「青缶」の愛称で知られるスキンケア商品「ニベアクリーム」の容器の塗装を削り落とし、空き缶をインテリアや小物入れとして使うことが、一部のネットユーザーの間で注目を集めている。
画像共有SNS「Instagram(インスタグラム)」には、青い塗装を削った「ニベア銀缶」の写真が150枚以上投稿されており、「めっちゃカワイイです」など絶賛の声が上がっている。
女子高生はニベア缶「デコる」
ドイツの化粧品会社が1911年に開発したニベアクリームは、世界的なシェアを持つロングセラー商品だ。国内では68年設立の「ニベア花王」が製造・販売を手がけており、「定番」スキンケア商品の1つとして日本人の間でも長年にわたって親しまれてきた。
そんなニベアクリームに若者から大きな注目が集まったのは2013年のこと。100ミリリットルで定価5万円を超える高級スキンクリームと「成分がよく似ている」との「噂」がネット上で流れたのをきっかけに、若い女性を中心にしたニベアブームが起きた。
こうしたブームに伴って、女子高生などの間で、青いニベア缶のフタ部分にシールやビーズなどを貼って「デコる」ことが流行し始めた。実際、デコレーション用のパーツを付属したセット商品もニベア花王から発売されている。
そうした動きの中で生まれたのが、ニベア缶の青い塗装を削り落とした「銀缶」だ。あるネットユーザーが14年10月、「これなら男が使ってもかっこよくないですか」などのコメント付きで、「銀缶」の画像をインスタグラムに投稿したのだ。
こうした投稿をきっかけに、インスタグラムにはハッシュタグ「♯ニベア銀缶」が登場。多くのユーザーが塗装を落としたオリジナルのニベア缶の画像をアップしており、その数は16年7月1日現在で150枚を超えている。
メーカー「大変嬉しく思っています」と感謝
インスタグラムにアップされた「銀缶」を見たユーザーからは、
「青缶も好きだけど銀缶はなんかもうステキすぎてやばい」
「花王に提案して商品化して欲しい!!」
「たしかに見た目かわいいけど、手で数時間かけて磨き続けた根性に脱帽!」
などと絶賛する声が上がっている。14年10月の初投稿からはすでに1年半以上が経っているが、現在も定期的にアップするユーザーが絶えない。
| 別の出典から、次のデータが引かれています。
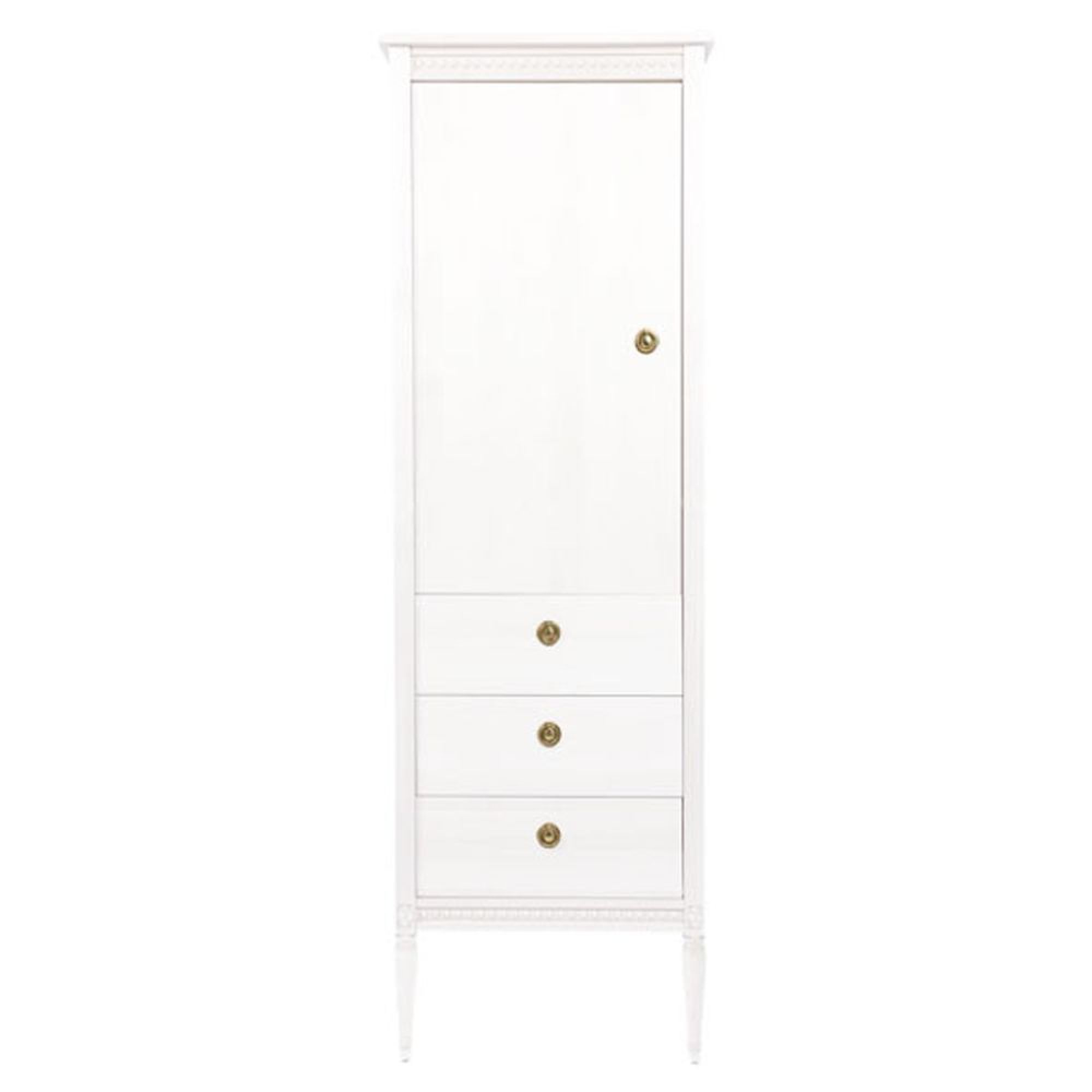 Craquez pour l'armoire Blanche, 1 porte de la marque Gustavienne.Entièrement en bouleau massif, la bonnetière Gustavienne est composée d’un espace intérieur penderie équipé d’une tringle pour vêtements sur cintre, ou de deux étagères amovibles.Ces modules sont fournis pour permettre de répondre aux besoins en fonction de l’évolution de votre enfant. 3 tiroirs de rangement viennent en dessous offrant une grande capacité de rangement.Toutes les poignées des façades (porte et tiroirs) sont en laiton massif fabriquées artisanalement en Suède. Les perles sculptées contournent les cadres à la base, et en haut de l’armoire. Le chapeau est un plateau aux angles arrondis en bois épais pouvant également recevoir des objets de décoration.
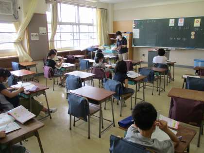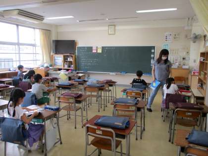 2回目の分散登校となった6日目、2年生Aグループの子どもたちが午前に登校しました。これから育てる野菜の種の観察では、虫眼鏡を使ってじっくりと種の様子をワークシートに描き、新しい漢字の学習では丁寧に字を書いて覚えようとしていました。友達が周りにいることで、お互いによい刺激を受けていることがうかがえます。
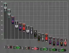- Les monoplaces sont plus lourdes, passant de 642 à 691 kg à cause du poids plus important du nouveau bloc propulseur et de la nouvelle structure des pneus en kevlar[39].
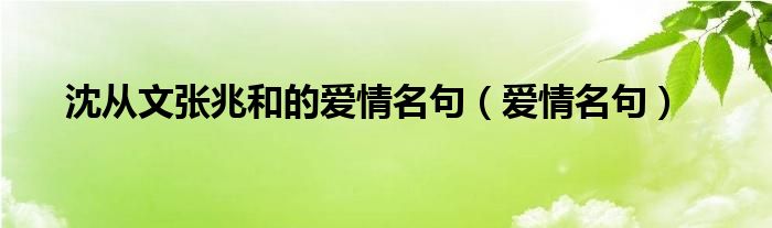关于沈从文张兆和的爱情名句,爱情名句这个很多人还不知道,今天菲菲来为大家解答以上的问题,现在让我们一起来看看吧!
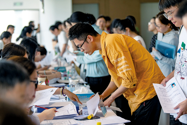 6月7日,在金華市金東區金漪云蝶中心,求職者排隊報名應聘就業崗位。 這天,2025金華市金東區大型招聘青春嘉年華在金漪湖科技創新策源地——金漪云蝶中心啟動?!?/a>

その一方で、製作者側からは「製作期間3日」「5時間以上削ってた」など、予想以上に手間や時間がかかったと「後悔」する声も。なかには、「くだらないことに情熱を燃やして馬鹿みたい」「こんな労力もっと他のことに使うべき」と自虐的な呟きを漏らすユーザーも出ていた。
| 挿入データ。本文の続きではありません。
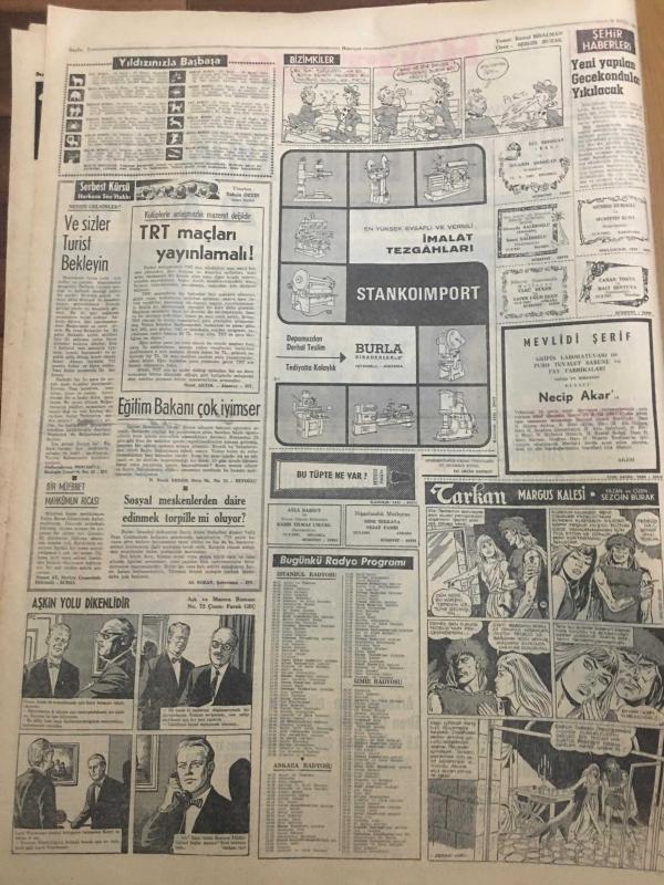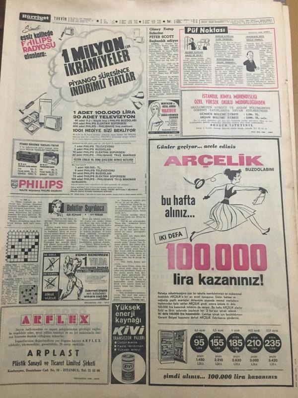 HÜRRİYET GAZETESİ 28 EYLÜL 1967 YIL :20 SAYI :6975--Memurların emekli aylığı yüzde 20 artıyor --Demirel Bakü dan Moskova ya hareket etti --Amerikalı erlerin hücumu karşısında pavyonlar gündüz bile program yaptı ---Deniz kuvvetlerinin kuruluş yıldönümü törenlerle kutlandı --Arkadaşlarının nikahında Siren çalan trafik polislerine 25 er lira para cezası kesildi --Dansöz metresini öldürdükten sonra intihar etti --Türkiye de ilk defa bir köpeğin akciğeri diğer köpeğe takıldı ---Güney Kutup Seferine Peter Scott Başkanlık Ediyor ---Sanat Güneşimiz :Zeki Müren --Ümit takımı Romanya yı 2-1 yendi --Beşiktaş ın işi kolaylaşıyor --Mersin İ.Yurdun da huzur kalmadı --Adnan Süvari rövanş maçından çekiniyor --Üçüncü Türkiye Ligi Pazar Günü Başlıyor ---Bir köpek aşk yüzünden hırsız oldu --Amerikalılar vergisi çok diye Milli piyango bileti almıyor ---Jandarma dur emrine uymayan kaçakçıyı vurdu ---Otobüs ile traktör çarpıştı 3 ölü var --Kayseri -Sivas yolu dün trafiğe açıldı ---, SEDAT SİMAVİ tarafından kaleme alınmıştır. Kitap 1967 yılında [HÜRRİYET MATBAA] yayınlanmıştır. 8 sayfadır. HÜRRİYET GAZETESİ 28 EYLÜL 1967 YIL :20 SAYI :6975--Memurların emekli aylığı yüzde 20 artıyor --Demirel Bakü dan Moskova ya hareket etti --Amerikalı erlerin hücumu karşısında pavyonlar gündüz bile program yaptı ---Deniz kuvvetlerinin kuruluş yıldönümü törenlerle kutlandı --Arkadaşlarının nikahında Siren çalan trafik polislerine 25 er lira para cezası kesildi --Dansöz metresini öldürdükten sonra intihar etti --Türkiye de ilk defa bir köpeğin akciğeri diğer köpeğe takıldı ---Güney Kutup Seferine Peter Scott Başkanlık Ediyor ---Sanat Güneşimiz :Zeki Müren --Ümit takımı Romanya yı 2-1 yendi --Beşiktaş ın işi kolaylaşıyor --Mersin İ.Yurdun da huzur kalmadı --Adnan Süvari rövanş maçından çekiniyor --Üçüncü Türkiye Ligi Pazar Günü Başlıyor ---Bir köpek aşk yüzünden hırsız oldu --Amerikalılar vergisi çok diye Milli piyango bileti almıyor ---Jandarma dur emrine uymayan kaçakçıyı vurdu ---Otobüs ile traktör çarpıştı 3 ölü var --Kayseri -Sivas yolu dün trafiğe açıldı --- adlı eser Türkçe dilindedir.
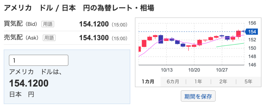 | ドル円(円/ドル) | 148.22 | 154.38 | +6.16円(円安) | 円安傾向も方向感は限定的 |
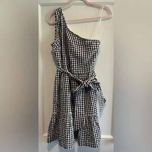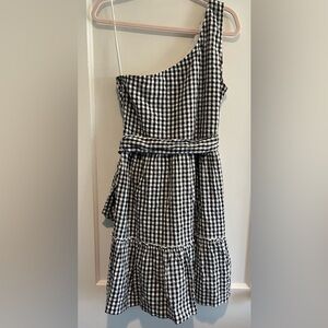 Crown & Ivy One Shoulder Tie Waist Black and White Checked Gingham Dress Size 12
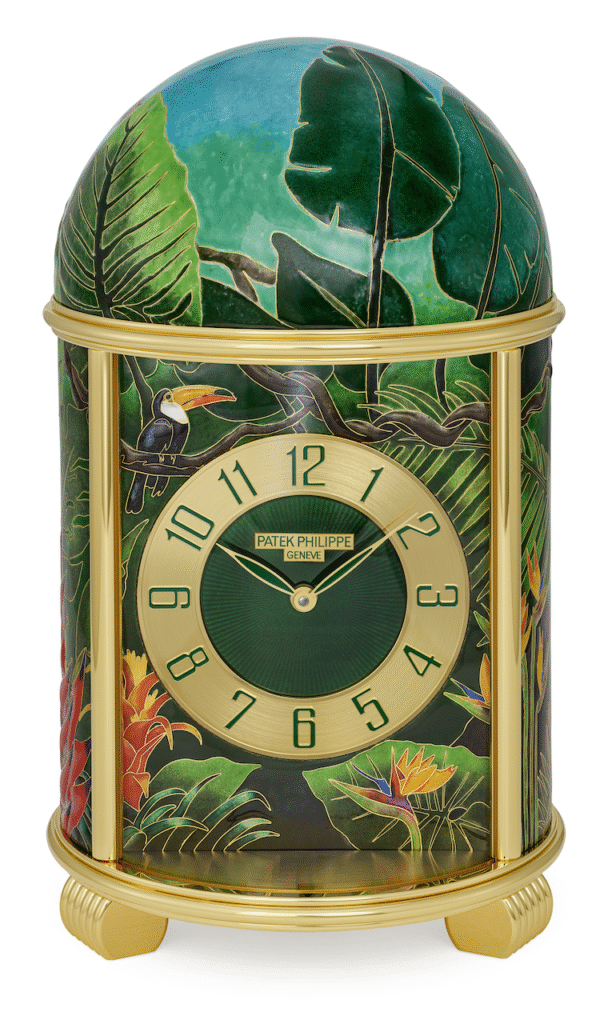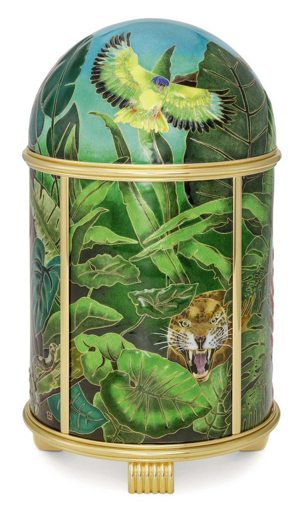 至於拱頂枱鐘,代表作就有獨一無二的Ref. 20188M-001「亞馬遜雨林」,枱鐘以大明火掐絲琺瑯工藝打造,工匠以長約17.46米、重約32.24克的金線,勾勒出葉片和動物的輪廓,再以59種琺瑯顏色,為畫作填上鮮艷的色彩,每塊琺瑯飾板需以攝氏890至910度燒製10至14次。小時時標環印有綠色阿拉伯數字時標,搭配中間漆上綠色的葉形指針,錶盤中央再添上一層綠色半透明琺瑯。枱鐘搭載17’’’ PEND機械機芯,並以電動馬達上鍊。
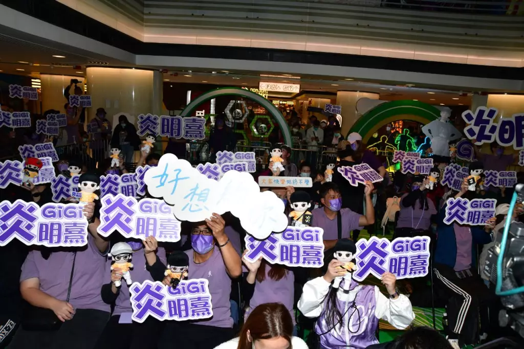 炎明熹(Gigi)到黃埔出席由連鎖快餐店主辦的「炎明熹好想約你~做善事」慈善活動,吸引數百粉絲拿着應援物到場支持。

ただ、最初に「銀缶」をインスタグラムに投稿したユーザーは16年2月14日、自身が運営するサイト上で、
「日用品デザイン全般に向けたアンチテーゼというか、たかが消耗品といえど、家庭ではいつも身近にある日用品のデザインの重要さに、もっと一般の方や企業の中の人にも、フォーカスをあててほしかった。」
と制作コンセプトを明かしている。続けて、「もっと自然に、良いデザインがドラッグストアとかで手に入ると買い物も楽しくなりそうですね」との思いも綴っていた。
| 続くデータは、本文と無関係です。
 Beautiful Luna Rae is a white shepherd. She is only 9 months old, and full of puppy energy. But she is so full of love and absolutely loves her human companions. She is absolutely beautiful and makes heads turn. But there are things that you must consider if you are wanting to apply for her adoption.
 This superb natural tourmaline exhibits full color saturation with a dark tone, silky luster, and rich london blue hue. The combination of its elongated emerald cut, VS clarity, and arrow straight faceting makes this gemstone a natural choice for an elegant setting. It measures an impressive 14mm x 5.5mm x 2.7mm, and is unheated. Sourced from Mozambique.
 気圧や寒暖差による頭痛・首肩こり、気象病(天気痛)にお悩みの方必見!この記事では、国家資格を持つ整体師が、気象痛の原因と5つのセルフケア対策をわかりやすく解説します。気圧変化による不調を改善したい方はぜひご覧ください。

ニベア花王の広報担当者はJ-CASTニュースの取材に、商品の缶をアレンジして楽しむ動きが出ていることに対し、
「それだけ商品に愛着を持って頂いているということで、大変嬉しく思っています」
と感謝を述べた。ただ、一部のファンから出ている「銀色の缶を商品化して欲しい」という要望に対しては「メーカーとして販売する予定はありません」との回答だった。理由としては「ニベアの青色はブランドのアイコンとして大切に使用していく考えです」と話している。